Multiple levels of irony attend the current circumstance of the eight Enamorados, as there is a constant discrepancy, it seems, between both intent and outcome as well as perception and reality when it come to the group and its highly controversial leader.
Edin Alex Enamorado holds himself out as a do-gooder, justice crusader, upholder of civil rights and protector of Hispanics, immigrants and the impoverished. His followers seek to emulate him and follow in what they consider to be his enlightened and benevolent path. The San Bernardino County Sheriff’s Department and now the county district attorney’s office, however, maintain that the Enamorados ratchet their guardianship of the indigent up into assaults upon the innocent, using spurious justifications in doing so.
Edin Enamorado and his namesake zealots maintain that they are surrounded by cruel and inhumane racists who are exploiting their Latino sisters and brothers and that in the face of such incivility they are engaged in a mission of righteousness by striking down upon those who are victimizing the oppressed. According to the district attorney’s office, the Enamorados have themselves crossed the line into intolerance by physically assailing individuals who have not at once adhered to their conception of what the social order should be and, on other occasion, on the basis of ethnicity, such that they are engaging in racism and bigotry.
While Edin Enamorado and the Enamorados assert they are free speech advocates who test the boundaries of expression to protect the civil liberties that form the basis of our Constitutional rights, others say they often overwhelm those who enunciate a philosophy that differs from their own with obloquy and sometimes with brutal force.
A primary constituency of the downtrodden that Edin Enamorado and his cohorts have taken up the cause for are immigrants, both illegal and legal.
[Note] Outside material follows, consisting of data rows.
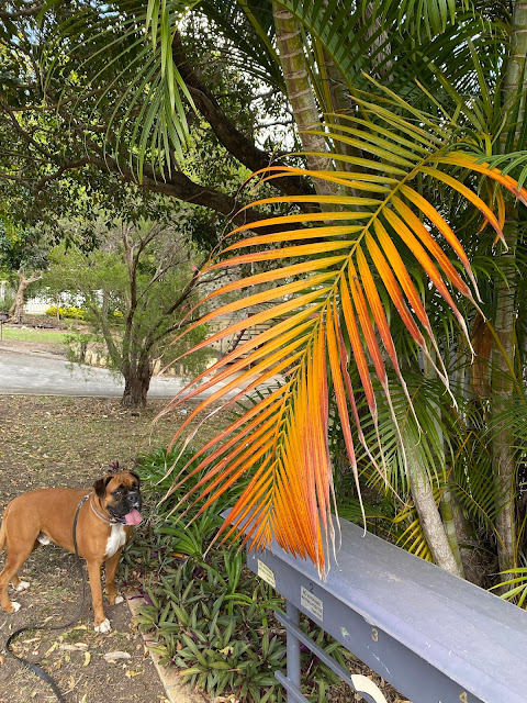 It’s been a busy week with Brisbane Festival putting on some fabulous shows, https://www.brisbanefestival.com.au/ and Book group up and running “live” once more. Both joyful and vibrant and the spring sunshine just adding to the mix. No better way to end a busy week than to take Dougall out for a long walk. It’s been a while so I was eager to see what has flowered and changed in the area. It was not long before we came across this beauty.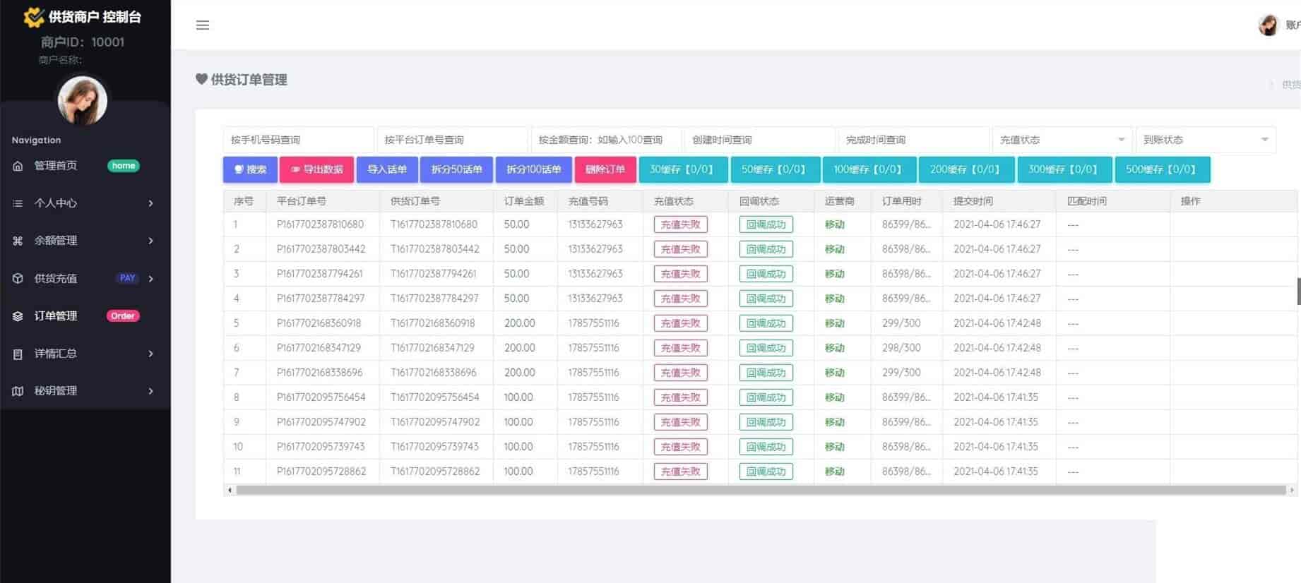 ④、自动检测号码是否已经完成充值返回官方订单号凭证给供应商反馈充值状态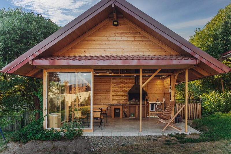 Читать полностьюДля создания полноценной атмосферы отдыха на природе, в непосредственной близости от бани оборудована укрытая от непогоды мангальная зона. Помимо мангала, шампуров и коптильни, здесь также размещены стол со стульями и скамьей, где гости могут с комфортом насладиться приготовленными блюдами, а также уютные садовые кресла-шезлонги, в которых можно расположиться и с удовольствием понаблюдать за окружающими живописными пейзажами.
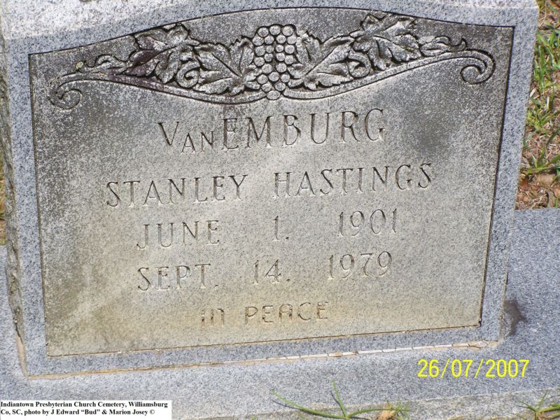 VanEmburg, Stanley Hastings, Indiantown Presbyterian Church Cemetery, Williamsburg Co, SC 114.jpg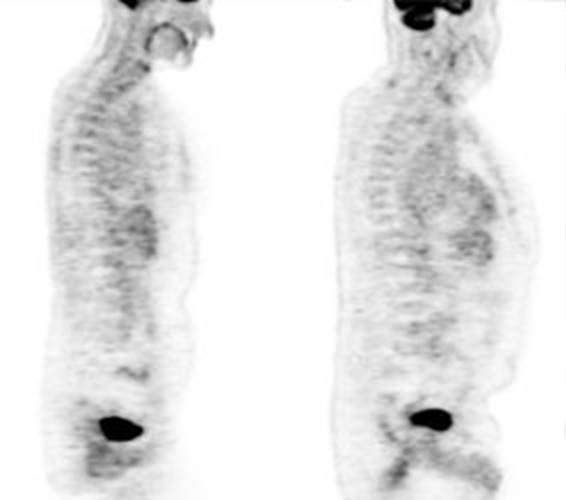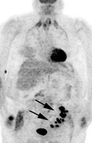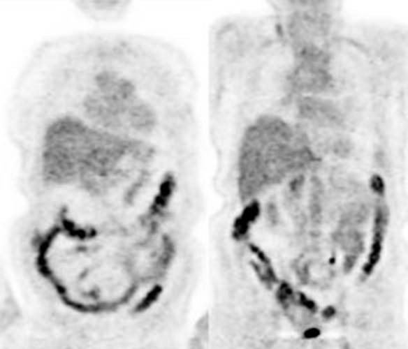 increased colonic FDG uptake was seen in this asymptomatic patient. Diffuse

A manifestation of illegal immigrant culture is street or sidewalk vending, as many new arrivals do not have the skill or training to function within other sectors of the U.S. Economy. It is known that Edin Enamorado, sometimes accompanied by others, sometimes on his own, has over the last couple of years advocated on behalf of sidewalk/street vendors in Los Angeles, Pomona, Upland, Fontana, Riverside, Santa Ana, Long Beach, San Diego, Santa Barbara, Woodland Hills, Huntington Park, San Bernardino and Moorpark. Those efforts go, quite often, beyond mere advocacy and include providing what Edin Enamorado refers to as “security,” in which he or other Enamorados act as bodyguards, warding off anyone – including racist citizens, municipal or county code enforcement officers, police or other officials – who might hassle, interfere with the vendors or prevent them from operating. Enamorado will take down their phone number so he can monitor how they are doing, provide them with his phone number so he can be rallied to assist them when they need help warding off the racists who bedevil street vendors and he will provide them with chemical agents such as mace or bear spray for the vendors to use if he and his crew cannot arrive on time to deal with some untoward situation.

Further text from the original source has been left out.